Woolly mould with reddish brown pigmentation after culture of corneal scraping on Sabouraud dextrose agar at room temperature for 48 hours.

FIGURE 4

Cylindrocarpon lichenicola chlamydospores, conidiophores and conidia stained with lactophenol phenol cotton blue (x400 magnification).

Management and outcome

This patient was started on hourly topical natamycin (5%), ciprofloxacin (0.3%), two-hourly instillation of tobramycin (0.3%) and atropine (1%) twice daily. He was also placed on oral fluconazole (200 mg) daily, 250 mg of acetazolamide daily and oral analgesics, all for three months following the isolation of the fungus. Despite the duration of use of the medication, the patient’s vision did not improve, as the visual acuity remained hand movement in the right eye (unaided and aided) and healed with a corneal scar.

Discussion

Keratomycosis caused by C. lichenicola is rare in humans and challenging to manage. Although voriconazole has been used with success in some reports in managing C. lichenicola,[8] its accessibility in our setting is limited. Generally, there is lack of access to some specific antimicrobial agents needed for possible successful treatment of infections (such as this) in low- and middle-income countries such as Nigeria.[9] Although the circumstance following the occurrence of the fungus in this patient could not be fully ascertained, farming has been associated with keratomycosis.[2]

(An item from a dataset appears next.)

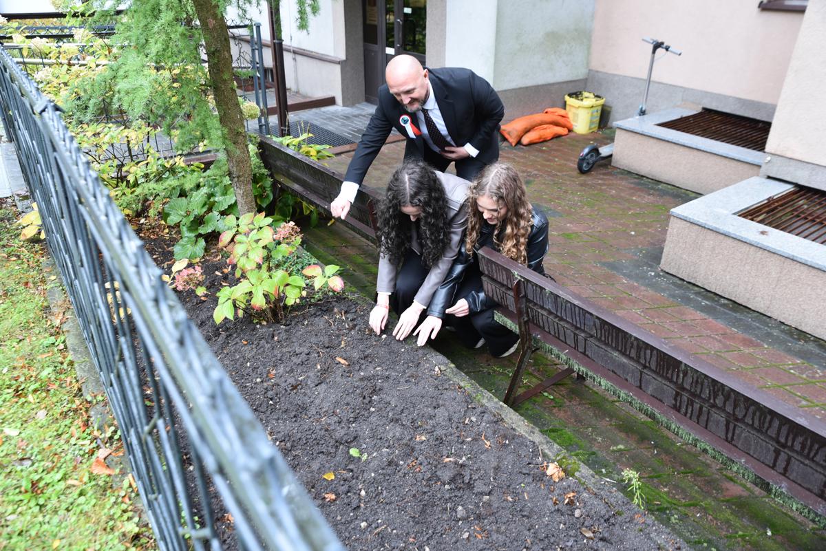 Na zakończenie uczniowie klas pierwszych posadzili 60 cebulek wiosennych kwiatów - każdy z nich symbolizował jeden rok działalności szkoły, a zarazem nowy początek i dalszy rozwój.

Prompt diagnosis with early institution of medication for keratomycosis caused by C. lichenicola is therefore needed to avert debilitating effects on the eye, such as were seen in this patient, or visual loss as reported in literature.[3] Moreover, appropriate access to effective antimicrobials, in this circumstance voriconazole, in low- and middle-income countries is essential while restricting inappropriate use (which drives antimicrobial resistance).

Although keratomycosis caused by C. lichenicola has been reported in different parts of the world,[4,8,10] this appears to be the first report of such in published literature from sub-Saharan Africa.